→ Study material
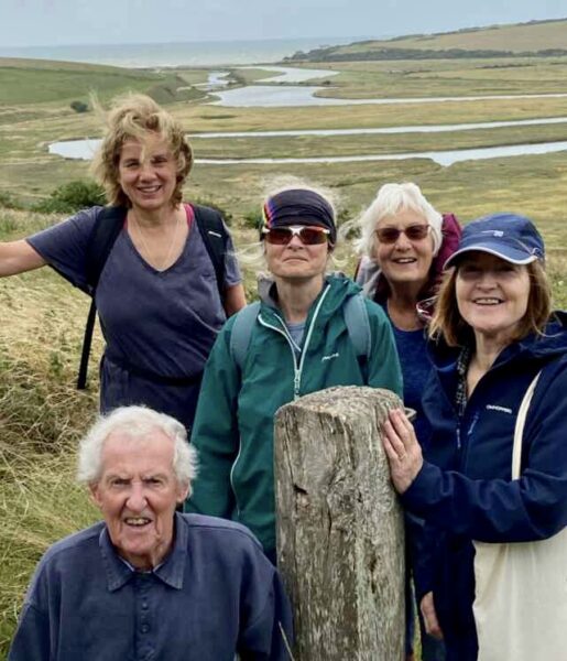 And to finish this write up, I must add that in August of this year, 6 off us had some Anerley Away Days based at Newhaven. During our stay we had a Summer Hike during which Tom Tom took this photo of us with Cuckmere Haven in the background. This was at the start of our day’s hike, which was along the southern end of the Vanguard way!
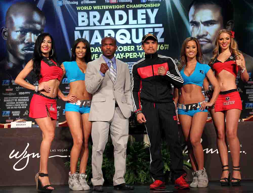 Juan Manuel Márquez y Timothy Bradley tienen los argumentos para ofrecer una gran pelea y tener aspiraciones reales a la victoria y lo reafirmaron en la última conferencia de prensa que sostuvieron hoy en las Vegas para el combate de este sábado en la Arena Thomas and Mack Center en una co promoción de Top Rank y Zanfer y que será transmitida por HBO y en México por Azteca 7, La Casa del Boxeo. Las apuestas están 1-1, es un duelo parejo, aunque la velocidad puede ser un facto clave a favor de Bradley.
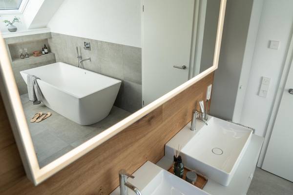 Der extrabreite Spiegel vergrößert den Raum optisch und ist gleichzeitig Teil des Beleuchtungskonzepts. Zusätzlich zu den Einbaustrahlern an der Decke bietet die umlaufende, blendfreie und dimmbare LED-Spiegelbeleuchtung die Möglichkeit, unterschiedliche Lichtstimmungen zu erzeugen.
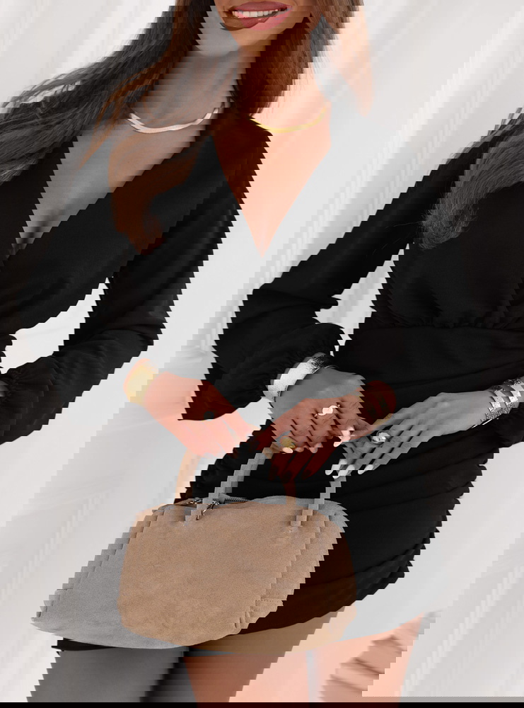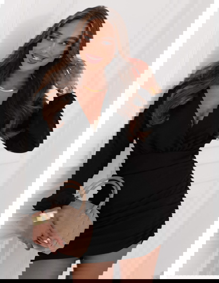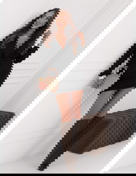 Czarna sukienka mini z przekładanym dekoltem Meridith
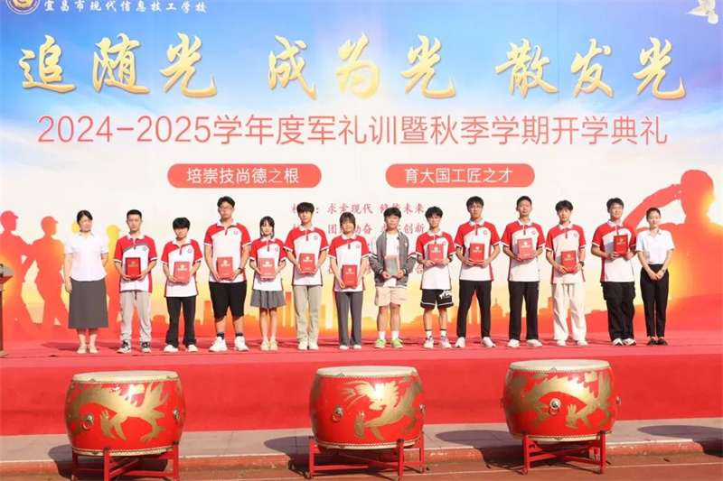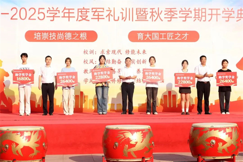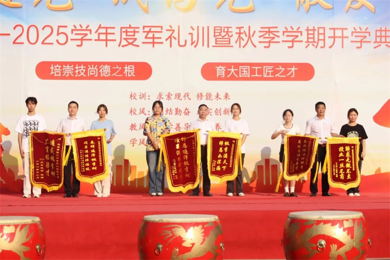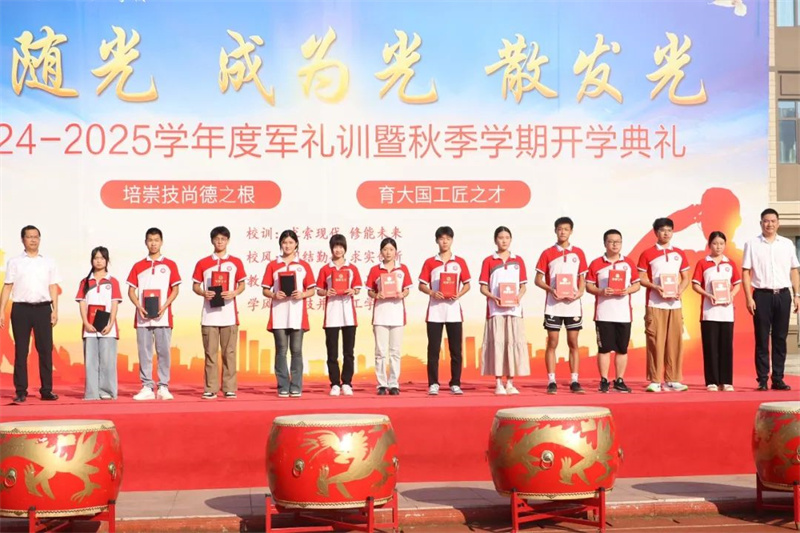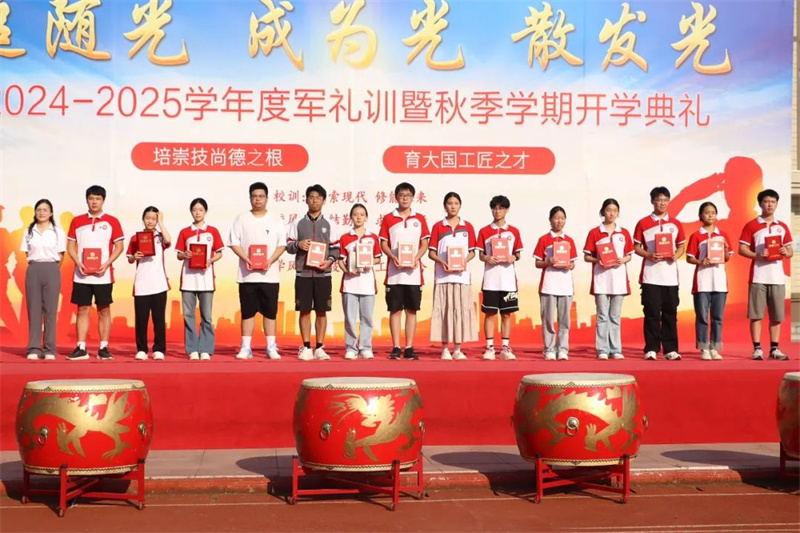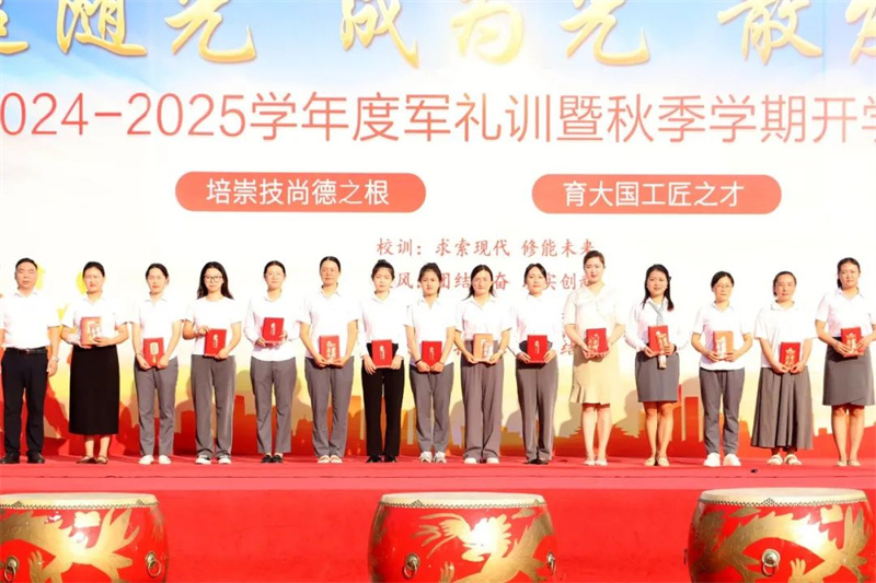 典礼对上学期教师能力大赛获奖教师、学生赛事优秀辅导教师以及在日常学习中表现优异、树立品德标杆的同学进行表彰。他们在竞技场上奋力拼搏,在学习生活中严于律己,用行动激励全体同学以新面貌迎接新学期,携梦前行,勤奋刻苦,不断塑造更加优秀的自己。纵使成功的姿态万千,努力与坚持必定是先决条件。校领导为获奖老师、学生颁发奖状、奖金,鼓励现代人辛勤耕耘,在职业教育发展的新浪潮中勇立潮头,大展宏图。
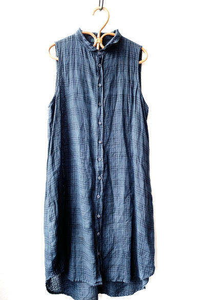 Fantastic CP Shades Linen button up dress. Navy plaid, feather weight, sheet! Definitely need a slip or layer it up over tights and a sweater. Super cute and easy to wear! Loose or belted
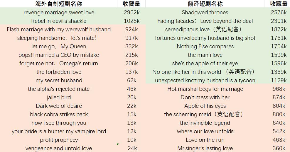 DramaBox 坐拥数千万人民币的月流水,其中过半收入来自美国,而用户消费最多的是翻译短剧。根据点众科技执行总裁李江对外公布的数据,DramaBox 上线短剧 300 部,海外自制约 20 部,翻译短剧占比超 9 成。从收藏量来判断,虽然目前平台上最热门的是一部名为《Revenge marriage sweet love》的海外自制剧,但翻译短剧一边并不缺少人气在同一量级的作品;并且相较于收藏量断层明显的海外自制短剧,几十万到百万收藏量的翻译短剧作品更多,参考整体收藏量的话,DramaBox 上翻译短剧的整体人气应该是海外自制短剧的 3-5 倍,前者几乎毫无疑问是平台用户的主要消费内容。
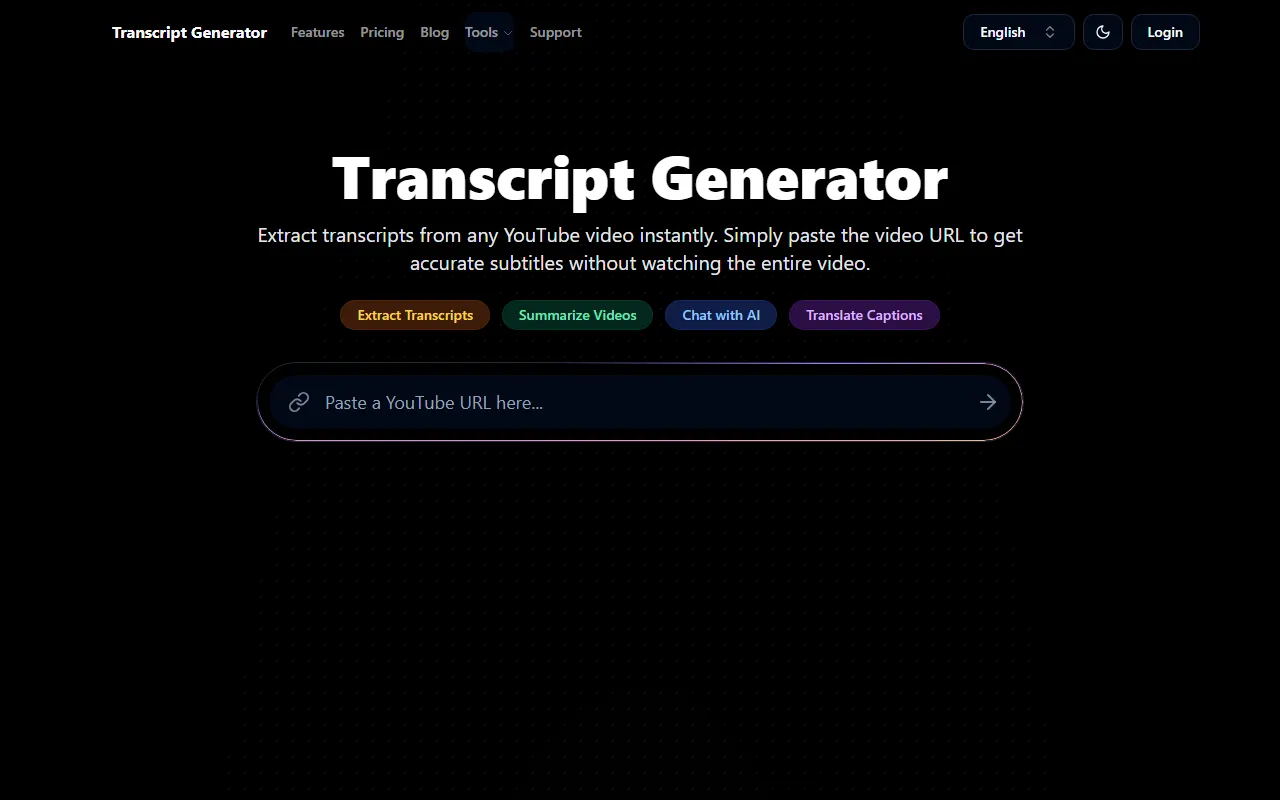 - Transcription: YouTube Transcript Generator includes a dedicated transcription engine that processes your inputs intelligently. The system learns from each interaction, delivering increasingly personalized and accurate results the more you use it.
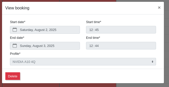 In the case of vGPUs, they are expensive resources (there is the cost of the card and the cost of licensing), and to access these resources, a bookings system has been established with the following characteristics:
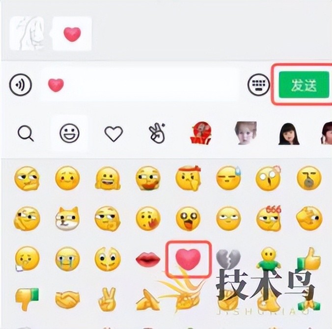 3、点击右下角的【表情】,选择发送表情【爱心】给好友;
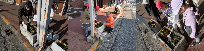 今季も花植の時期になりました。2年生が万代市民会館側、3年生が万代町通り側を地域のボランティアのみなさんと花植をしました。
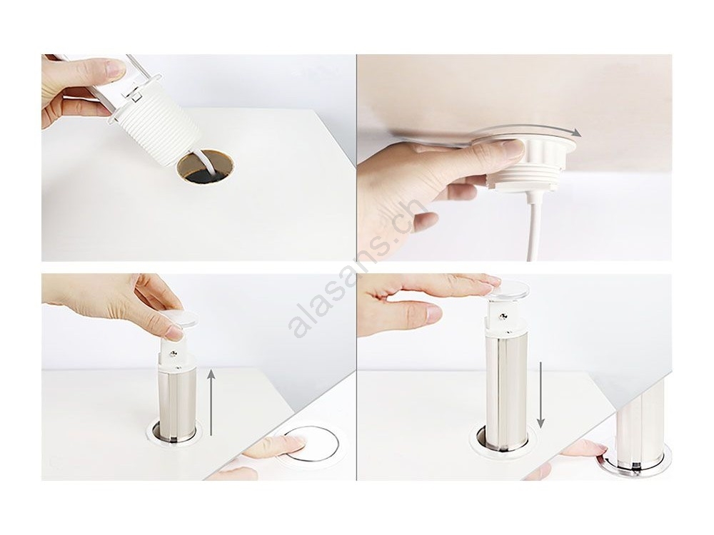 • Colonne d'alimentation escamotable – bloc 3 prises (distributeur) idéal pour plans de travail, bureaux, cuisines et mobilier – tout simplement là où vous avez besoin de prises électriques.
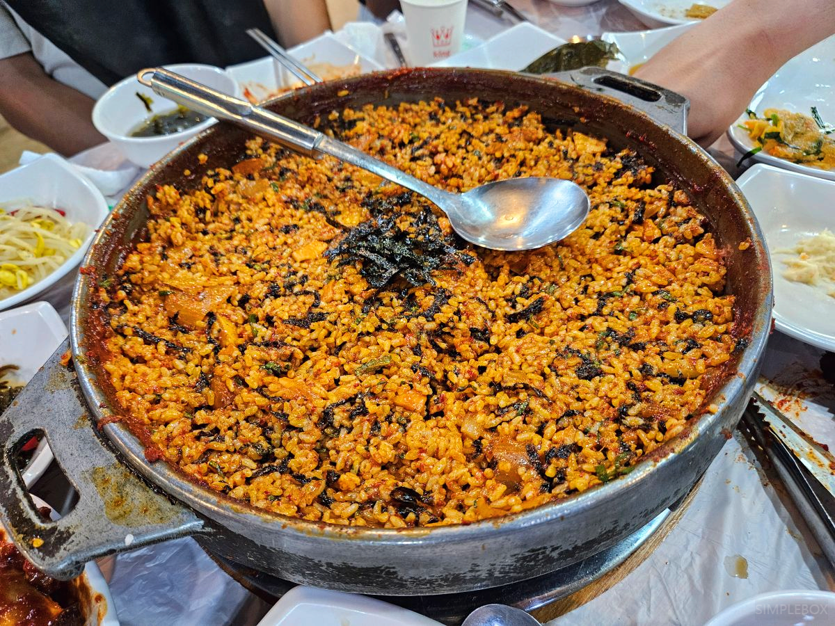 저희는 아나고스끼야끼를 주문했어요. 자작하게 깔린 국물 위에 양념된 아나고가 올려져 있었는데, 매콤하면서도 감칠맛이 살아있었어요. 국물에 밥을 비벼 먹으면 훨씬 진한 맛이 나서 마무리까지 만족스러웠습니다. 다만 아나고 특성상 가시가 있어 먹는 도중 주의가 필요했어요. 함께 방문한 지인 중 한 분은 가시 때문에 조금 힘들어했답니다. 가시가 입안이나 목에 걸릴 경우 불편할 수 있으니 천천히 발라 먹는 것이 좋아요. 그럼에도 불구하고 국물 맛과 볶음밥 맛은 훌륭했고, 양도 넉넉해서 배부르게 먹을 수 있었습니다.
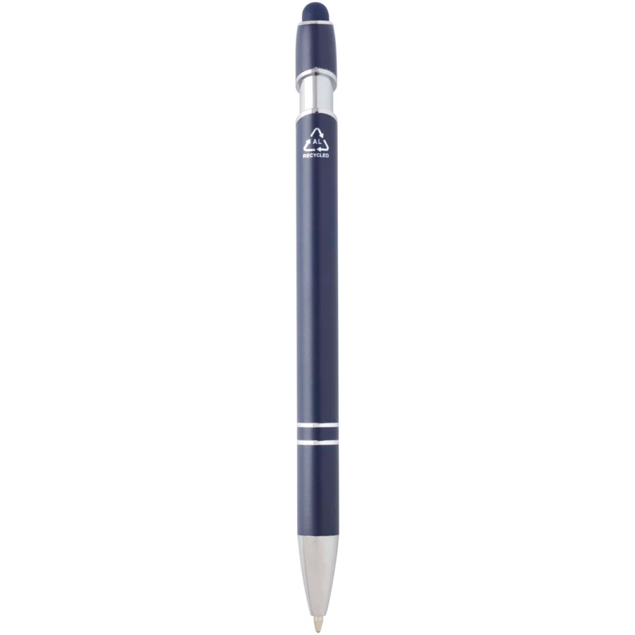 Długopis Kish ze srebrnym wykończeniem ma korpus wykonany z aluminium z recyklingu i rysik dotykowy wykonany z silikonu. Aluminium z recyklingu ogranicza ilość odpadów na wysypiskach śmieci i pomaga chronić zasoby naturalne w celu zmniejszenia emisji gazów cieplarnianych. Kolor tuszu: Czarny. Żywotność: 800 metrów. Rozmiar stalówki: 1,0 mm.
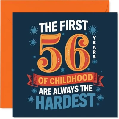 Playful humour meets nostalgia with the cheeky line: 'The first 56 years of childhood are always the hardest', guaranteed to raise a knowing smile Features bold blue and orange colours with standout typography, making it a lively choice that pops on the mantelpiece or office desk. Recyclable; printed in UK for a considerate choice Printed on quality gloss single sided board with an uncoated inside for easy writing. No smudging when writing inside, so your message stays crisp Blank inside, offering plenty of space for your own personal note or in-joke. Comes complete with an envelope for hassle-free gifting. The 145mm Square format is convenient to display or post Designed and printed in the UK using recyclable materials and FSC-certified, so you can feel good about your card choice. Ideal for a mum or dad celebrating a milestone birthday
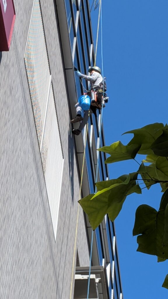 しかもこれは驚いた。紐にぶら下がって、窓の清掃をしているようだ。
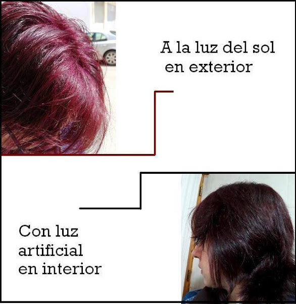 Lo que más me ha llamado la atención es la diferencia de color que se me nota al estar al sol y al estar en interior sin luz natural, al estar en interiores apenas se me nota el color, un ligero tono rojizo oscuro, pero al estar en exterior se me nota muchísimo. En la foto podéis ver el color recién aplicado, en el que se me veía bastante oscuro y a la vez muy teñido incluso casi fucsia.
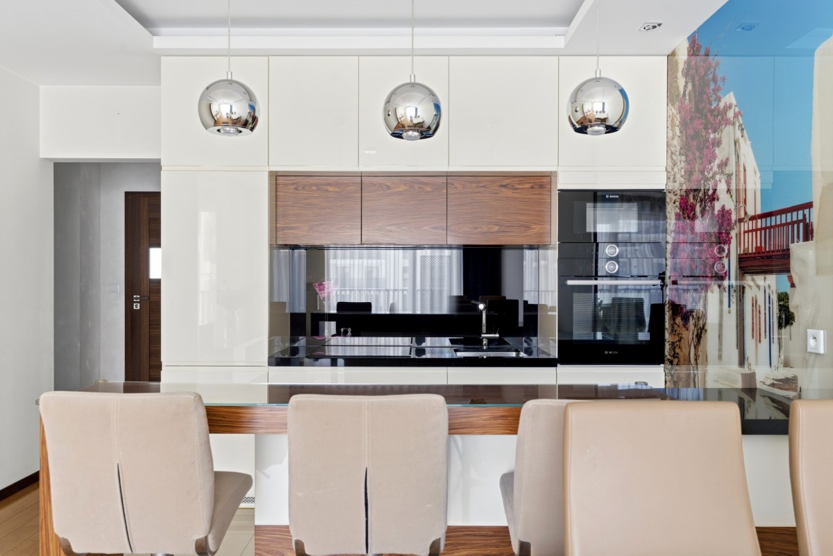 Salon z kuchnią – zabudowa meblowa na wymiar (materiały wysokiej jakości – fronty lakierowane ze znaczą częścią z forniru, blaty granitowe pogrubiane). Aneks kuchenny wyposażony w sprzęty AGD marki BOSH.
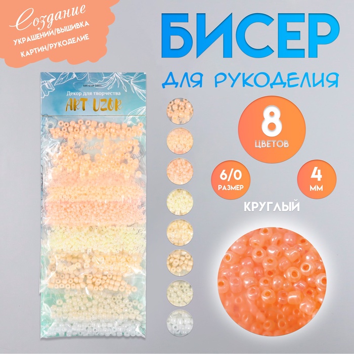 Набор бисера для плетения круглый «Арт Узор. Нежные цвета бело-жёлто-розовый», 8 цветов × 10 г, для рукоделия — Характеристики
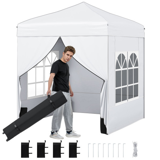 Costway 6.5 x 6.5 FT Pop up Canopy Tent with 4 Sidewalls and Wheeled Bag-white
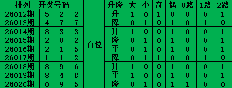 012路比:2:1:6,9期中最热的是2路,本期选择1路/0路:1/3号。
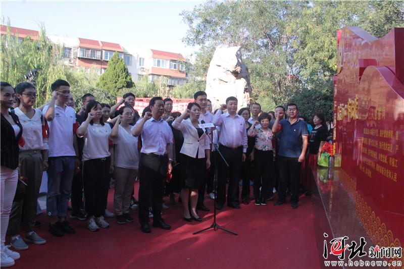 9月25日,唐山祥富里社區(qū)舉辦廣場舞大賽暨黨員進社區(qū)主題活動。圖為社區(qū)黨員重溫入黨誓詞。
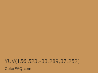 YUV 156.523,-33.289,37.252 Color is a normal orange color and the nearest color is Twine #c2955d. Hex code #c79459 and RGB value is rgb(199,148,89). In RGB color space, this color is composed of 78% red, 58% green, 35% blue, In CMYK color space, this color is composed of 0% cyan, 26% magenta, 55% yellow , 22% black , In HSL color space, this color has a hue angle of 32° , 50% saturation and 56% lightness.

→ What this task involves
Output exactly the lines from the one containing "Salon z kuchnią" through the last line of the records above, both included, and leave out the pictures.

→ Task answer
 Salon z kuchnią – zabudowa meblowa na wymiar (materiały wysokiej jakości – fronty lakierowane ze znaczą częścią z forniru, blaty granitowe pogrubiane). Aneks kuchenny wyposażony w sprzęty AGD marki BOSH.
 Набор бисера для плетения круглый «Арт Узор. Нежные цвета бело-жёлто-розовый», 8 цветов × 10 г, для рукоделия — Характеристики
 Costway 6.5 x 6.5 FT Pop up Canopy Tent with 4 Sidewalls and Wheeled Bag-white
 012路比:2:1:6,9期中最热的是2路,本期选择1路/0路:1/3号。
 9月25日,唐山祥富里社區(qū)舉辦廣場舞大賽暨黨員進社區(qū)主題活動。圖為社區(qū)黨員重溫入黨誓詞。
 YUV 156.523,-33.289,37.252 Color is a normal orange color and the nearest color is Twine #c2955d. Hex code #c79459 and RGB value is rgb(199,148,89). In RGB color space, this color is composed of 78% red, 58% green, 35% blue, In CMYK color space, this color is composed of 0% cyan, 26% magenta, 55% yellow , 22% black , In HSL color space, this color has a hue angle of 32° , 50% saturation and 56% lightness.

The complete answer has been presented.